- _Required work_
When you write out the listing below, keep each word exactly as it stands and drop the pictures.

- _Supplied data_

********

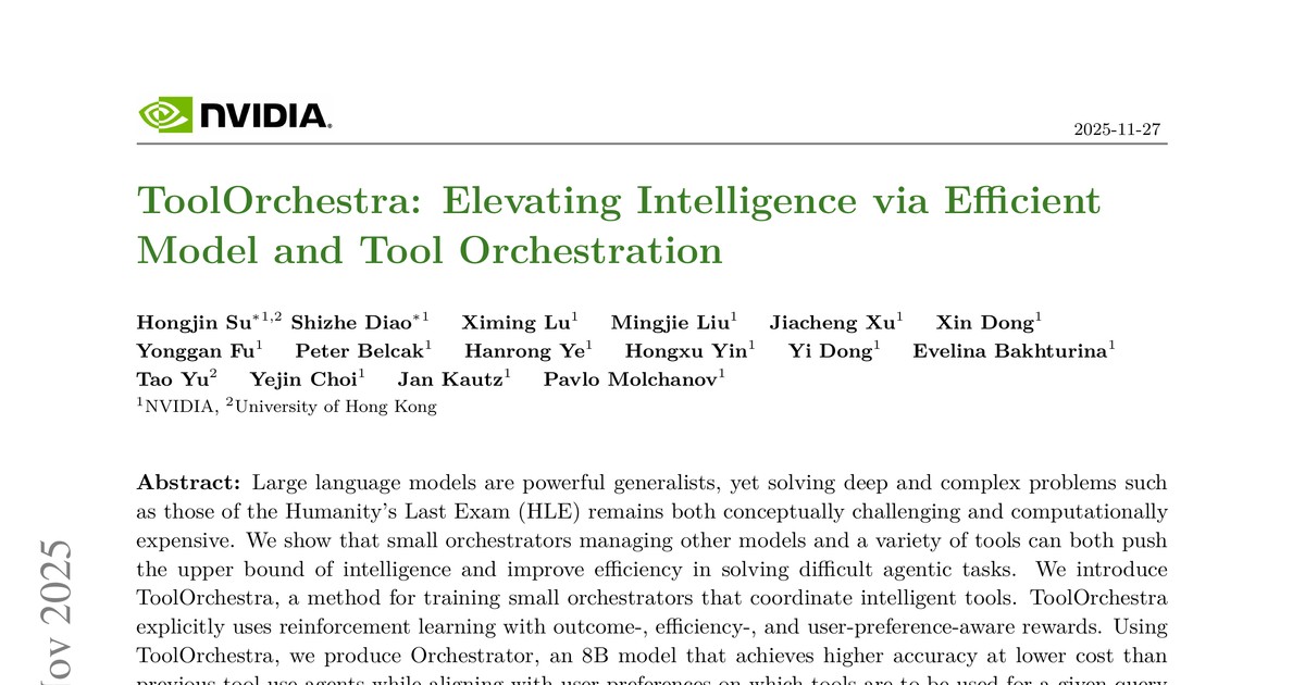 ToolOrchestra는 대형 언어 모델(LLM)의 한계를 극복하기 위해 다양한 도구와 모델을 효율적으로 조율하는 작은 오케스트레이터 모델을 제안합니다. 이 방법론은 강화 학습을 통해 도구 사용 정책을 최적화하여 정확성, 효율성, 사용자 선호도에 기반한 결과를 제공합니다. ToolOrchestra는 LLM의 한계를 극복하고 다양한 도구를 활용하여 더 높은 지능과 효율성을 달성할 수 있음을 보여줍니다. 특히, Orchestrator 모델은 GPT-5를 능가하는 성능을 보이며, 비용 효율성에서도 뛰어난 결과를 제공합니다. 본 논문은 2025년에 발표되었으며, LLM의 활용 방안에 대한 새로운 시각을 제시합니다.
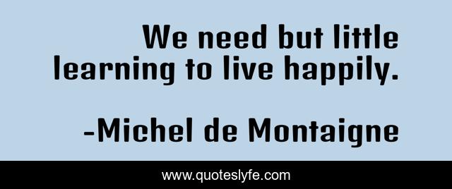 This page presents the quote "We need but little learning to live happily.". Author of this quote is Michel de Montaigne. This quote is about life, happiness, learning,.
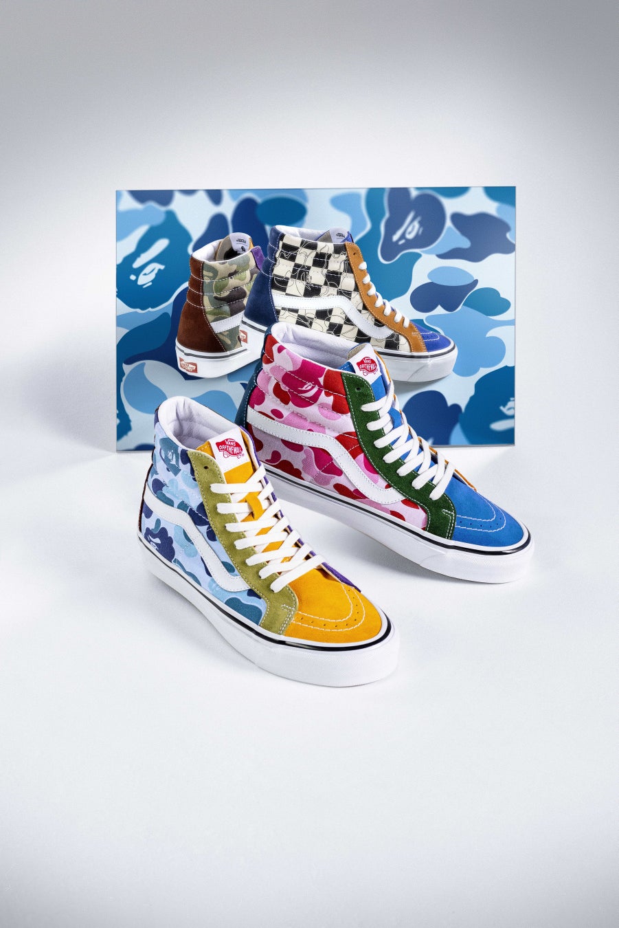 BAPE® x VANSの限定カプセルコレクションは2022年2月26日より、 A BATHING APE®正規取り扱い店舗及びBAPE.COMにて発売。

********

- _Output below_
 ToolOrchestra는 대형 언어 모델(LLM)의 한계를 극복하기 위해 다양한 도구와 모델을 효율적으로 조율하는 작은 오케스트레이터 모델을 제안합니다. 이 방법론은 강화 학습을 통해 도구 사용 정책을 최적화하여 정확성, 효율성, 사용자 선호도에 기반한 결과를 제공합니다. ToolOrchestra는 LLM의 한계를 극복하고 다양한 도구를 활용하여 더 높은 지능과 효율성을 달성할 수 있음을 보여줍니다. 특히, Orchestrator 모델은 GPT-5를 능가하는 성능을 보이며, 비용 효율성에서도 뛰어난 결과를 제공합니다. 본 논문은 2025년에 발표되었으며, LLM의 활용 방안에 대한 새로운 시각을 제시합니다.
 This page presents the quote "We need but little learning to live happily.". Author of this quote is Michel de Montaigne. This quote is about life, happiness, learning,.
 BAPE® x VANSの限定カプセルコレクションは2022年2月26日より、 A BATHING APE®正規取り扱い店舗及びBAPE.COMにて発売。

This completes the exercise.